Лес снова становился все гуще и выше. Пришлось снять лыжи и пробираться сквозь заросли пешком Буреломы, засыпанные снегом, мешали идти, то и дело подстерегали предательские промоины. Сотни следов зайцев, лис, даже волка говорили о том, что распадок заселён и полон жизни.
В одном месте распадок сузился Крутые, почти отвесные стены поднялись по сторонам Большие тополя с густым подлеском из багульника заполнили тёмную и сырую щель Где-то, невидимый под сугробом снега, журчал ручей. Стало немного жутко.
— Вперёд! — послал он собак, и они пробежали мимо него.
А дальше все произошло со скоростью кинокартины, заснятой методом замедленной съёмки.
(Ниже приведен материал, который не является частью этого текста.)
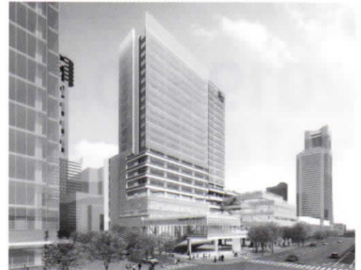
▲ 神奈川大学・みなとみらいキャンパス完成イメージ図 (2021年開設予定)
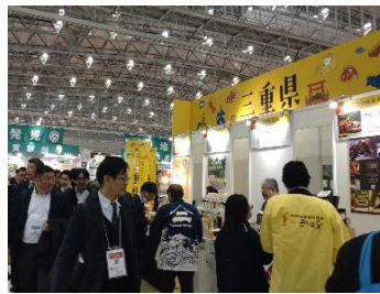
大都市圏での 展示商談会の実施
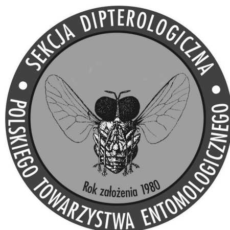
Logo Sekcji Dipterologicznej PTEnt.
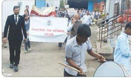
सांगली : कायदेविषयक जागृतीसाठी शहरात रॅली काढण्यात आली.
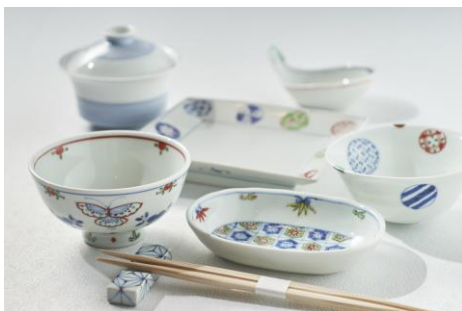
福珠窯の食器イメージ
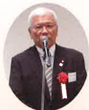
植田理事長による 青年部への 期待を込めたご挨拶
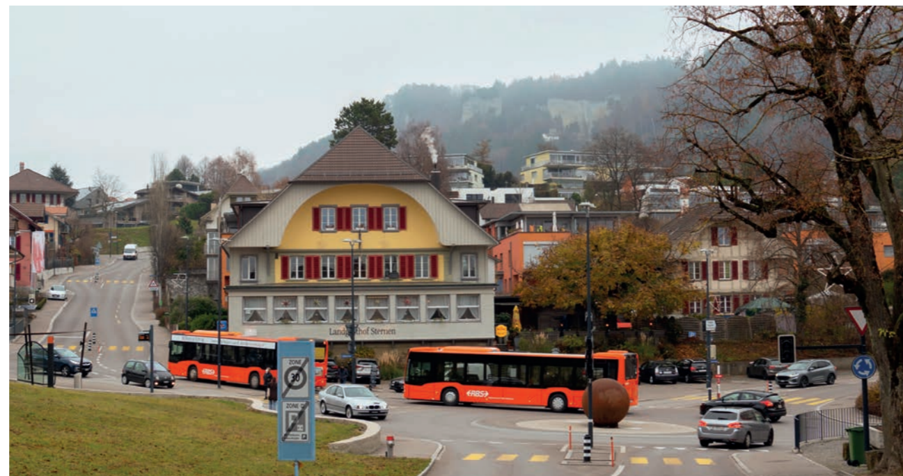
Kreisel beim Restaurant Sternen

Собаки отчаянно залаяли Опытным ухом Петя определил, что лают они на крупного зверя Он быстро скинул заплечный мешок, взял ружьё на изготовку и щёлкнул курками. Лай не удалялся и не приближался Тогда Петя сделал несколько шагов вперёд. И вот открылась небольшая узкая полянка, зажатая каменными скалами. На тонкой сухой лесине сидели, вцепившись в ствол когтистыми лапами, два медвежонка и дико озирались по сторонам. Туй и Капа танцевали вокруг дерева, оглашая окрестности призывным лаем.
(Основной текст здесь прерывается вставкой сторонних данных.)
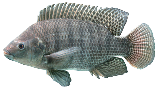
圖4 尼羅吳郭魚
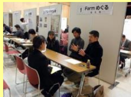
【就職希望者が農業経営体のブースを訪問】

県内の農業法人や農家が合計36ブースで、県内外からの72名の参加者に対して就業条件や将来のキャリアアップなどの説明をし、就職希望者に対する積極的な採用活動を行いました。
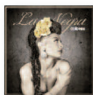
LA NEGRA Colores (2016) Flamenco

Banda sonora imprescindible y una protagonista más de la serie. Las canciones que utilizan suenan muy bien, complementan la visión del director y encima, muchas veces, sus letras tienen que ver con las imágenes que vemos en pantalla.
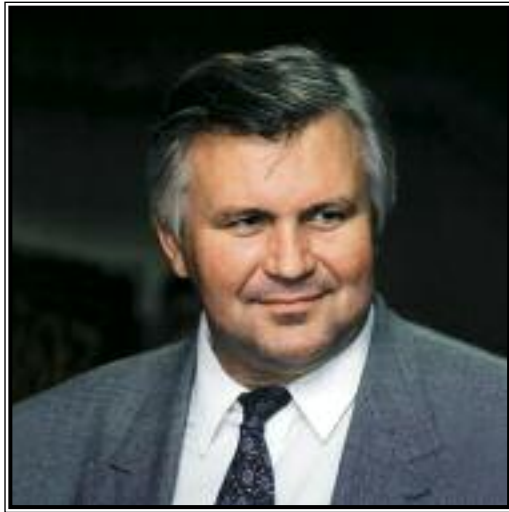
ПРЕЗИДЕНТ ТОРГОВО-ПРОМЫШЛЕННОЙ ПАЛАТЫ РОССИЙСКОЙ ФЕДЕРАЦИИ Станислав Алексеевич Смирнов
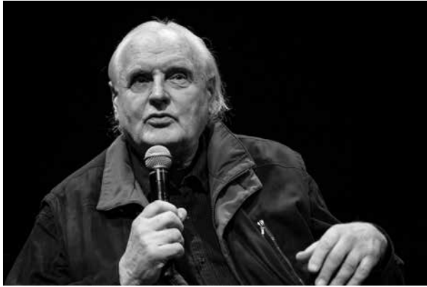
Kompozitorius Feliksas Bajoras.
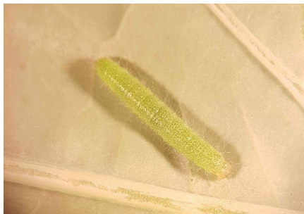
Photo 2: Le vol et les pontes de la piéride de la rave ( Pieris rapae ) sont toujours en cours. Lors du contrôle des cultures de ce lundi, on a encore trouvé un grand nombre de jeunes chenilles dans les champs.
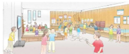
与野郷土資料館の内外イメージ

У Пети перехватило дыхание. Он машинально переложил пистолет из заднего кармана брюк в карман полушубка. «Сейчас явится разъярённая медведица», — мелькнуло в голове. По сторонам нависли отвесные утёсы, под которыми, видимо, была берлога, откуда собаки и выгнали медвежат. Куда деваться? Назад? Но грозный рёв раздался именно сзади. Лохматая грозная медведица, с треском ломая кусты, спешила на выручку детёнышам. Если мирная наседка бросается на собаку, защищая своих цыплят, то что же может сделать разъярённая медведица?!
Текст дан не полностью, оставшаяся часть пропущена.